Today, we take for granted the existence of unmanned aerial vehicles (UAVs), but what is less known is that one of the early pioneers in that technology was President John F. Kennedy's older brother.
With American involvement in World War II on the horizon, Joseph P. Kennedy, former ambassador to Great Britain and the patriarch of the Kennedy clan, used his influence to secure for his eldest son an assignment in the Office of Naval Intelligence, where the young man would likely have not seen combat. But Joseph P. Kennedy Jr. had other ideas and joined the Naval Aviation Cadet Program in the summer of 1941.
Frustrated by early flying assignments that took him nowhere near the "front lines" of the war, Joe Kennedy eagerly volunteered for duty with VP-110, a newly forming squadron that was to hunt German submarines near their bases along the Nazi-controlled French coast, where encounters with the Luftwaffe were likely.
The aircraft to be used was a Navy version of the Army's B-24 Liberator, reclassified by the Navy as the PB4Y-1. This unusual naval aircraft was powered by four engines that gave it a maximum speed of 300 mph, had a wingspan of 110 feet, and could deliver a payload of 8,000 pounds.

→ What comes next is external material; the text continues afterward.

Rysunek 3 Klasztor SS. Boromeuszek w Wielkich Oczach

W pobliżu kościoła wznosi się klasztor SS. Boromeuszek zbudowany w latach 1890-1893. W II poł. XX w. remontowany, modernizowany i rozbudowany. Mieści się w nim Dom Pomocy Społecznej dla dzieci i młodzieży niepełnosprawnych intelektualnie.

The squadron took heavy casualties while flying missions in the enemy infested Bay of Biscay, but by May 1944 Joe Kennedy had flown his quota of combat missions and was eligible to go home. Instead, he persuaded his crew to remain through June and July, flying more missions as the D-Day invasion took hold in Europe. By the end of July, he felt it was unfair to ask his crew to remain any longer, and they returned to the United States. Kennedy remained, however, and volunteered for a very different kind of mission.

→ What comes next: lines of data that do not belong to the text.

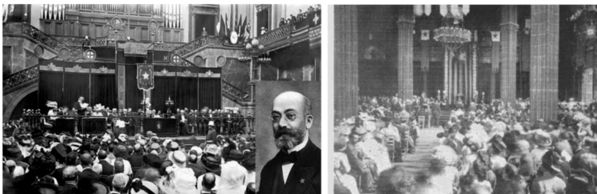
V Congreso Esperanto - Barcelona 1909.

En diciembre de 1908 tuvo lugar la renovación de la junta directiva para el siguiente ejercicio, resultando ser: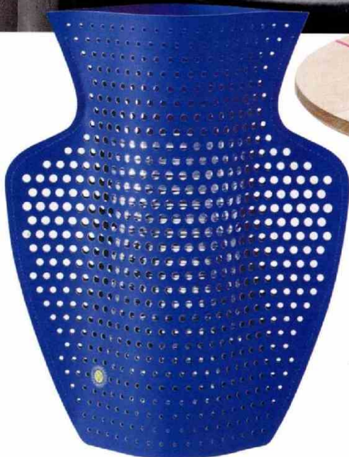
Azul cobalto , el color que pronto veremos en todas las casas, es el elegido para el jarrón Helio que firma Octaevo (unos 25€).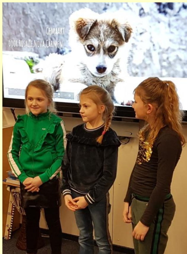
Ook in groep 5 werden er mooie presentaties gegeven.

Ouders, opa's en oma's en alle andere aanwezigen, bedankt dat jullie er met zoveel waren om al dit moois te bekijken en beluisteren!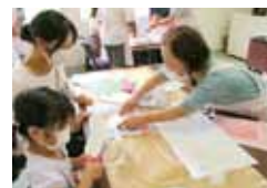
いろいろなかたちの 絵本をつくろう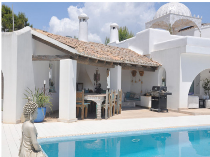
Zona cubierta de barbacoa y comedor exterior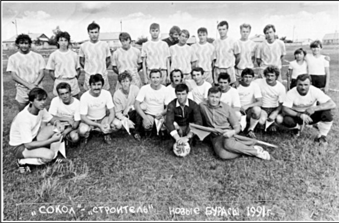
«СОКОЛ» – «СТРОИТЕЛЬ» НОВЫЕ БУРАСЫ 1991г.

В истории новобурасского футбола среди взрослых было много побед над сильными командами Саратовской области. Например, обыгрывали город Аркадак, Базарный Карабулак и другие. Как-то мне попалась на глаза фотография после футбольного матча «Сокол» (Саратов) – МПМК «Строитель» (Новые Бурасы). В то время МПМК «Строитель» был лидером в строительной отрасли района и входил в тройку лучших строительных организаций области, при этом работающие активно занимались спортом – волейболом, баскетболом, футболом. Вроде бы это было совсем недавно, летом 1991 года, участники этого матча были молодыми, амбициозными, но время летит очень быстро, и мы должны помнить свою историю, историю Новобурасского спорта.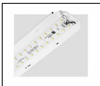
TYTAN MULTI LED 1150mm 2500-4300lm 840 - Lichtmodul (358937)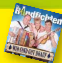
Partystimmung mit De Randfichten und Freunde

Das Programmheft liegt dem Amtsblatt bei.

V-2 rockets had been raining down indiscriminately on England, and a daring plan was devised to destroy one of their launch sites in the Normandy area. Lieutenant Kennedy and his co-pilot, Wilford "Bud" Willy, were to fly a Liberator that had been packed with nearly 11 tons of Torpex, a volatile explosive that was nearly twice as powerful as TNT. Two Lockheed Venturas would serve as "mother planes," taking remote radio control of Kennedy's aircraft after he and Willy had armed the explosives and bailed out. The "unmanned air vehicle" would then be steered into a crash dive onto the V-2 site to destroy it.
The mission began at 1800 on 12 August. Filming the mission in a small Mosquito aircraft was the son of the President, Colonel Elliott Roosevelt. He had just recorded some footage showing the pilots in the Liberator's cockpit when a massive explosion hurled debris at the filming aircraft, nearly destroying it. Where the Liberator had been an instant before, there was only a great cloud of smoke and flame with wreckage raining down to the earth below. While several theories were offered for the cause of the explosion—including being triggered by enemy jamming signals—no final conclusions have ever been drawn.
Joseph P. Kennedy Jr., an early pioneer in what has become 21st-century standard technology, was posthumously awarded the Navy Cross. In 1946 the destroyer USS Joseph P. Kennedy Jr. (DD-850) was launched and is today a museum ship at Battleship Cove in Fall River, Massachusetts.